Что касается Таркинов, они добились богатства, обеспечивая другим безопасность. Их путь к вершине был тяжким. Среди первопроходцев Эриаду предкам Таркинов приходилось играть роль полицейских сил и защитников, отражая нападения сначала свирепых хищников, благоденствовавших в лесах и горах Эриаду, а затем бандитов и мошенников с других планет, считавших незащищенные поселения своей законной добычей. Под руководством Таркинов местное ополчение постепенно превратилось в военные силы сектора. В итоге, несмотря на то что знаменитые предки Таркина начинали как охотники, свободные пилоты и подрядчики в шахтах, сам он считал себя плодом военного воспитания, в котором выше всего ценились дисциплина, уважение и послушание.
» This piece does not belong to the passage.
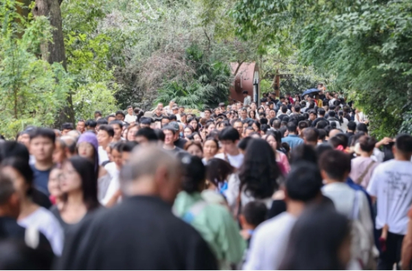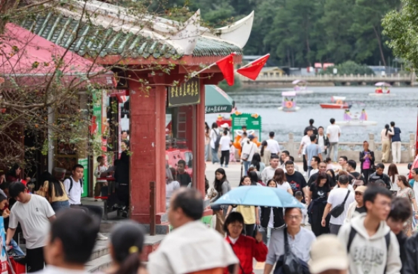 黔灵山公园动物园内,星宝、海浜两只大熊猫凭借萌态圈粉无数,黔灵湖畔全新投用的百艘电动游船和临湖非遗小吃市集更让游客体验升级,10月6日的“湖光山色”双节湖畔音乐会,让泛舟赏曲成为假日里的惬意选择,据悉,双节假期黔灵山公园日均接待游客超10万人次,累计接待游客62.97万人次,同比增加21%,累计营业收入约192.5万元。

Будучи также общепризнанными технократами, его родственники придерживались мнения, что именно технологии — в намного большей степени, чем Корулаг, — спасли Эриаду от дикости и позволили эриадцам создать цивилизацию на месте смертоносной пустыни. Технологии в виде огромных машин, быстрых звездных кораблей и мощного оружия помогли добыче стать охотниками, и именно технологиям предстояло однажды поставить планету в ряд современной галактической элиты.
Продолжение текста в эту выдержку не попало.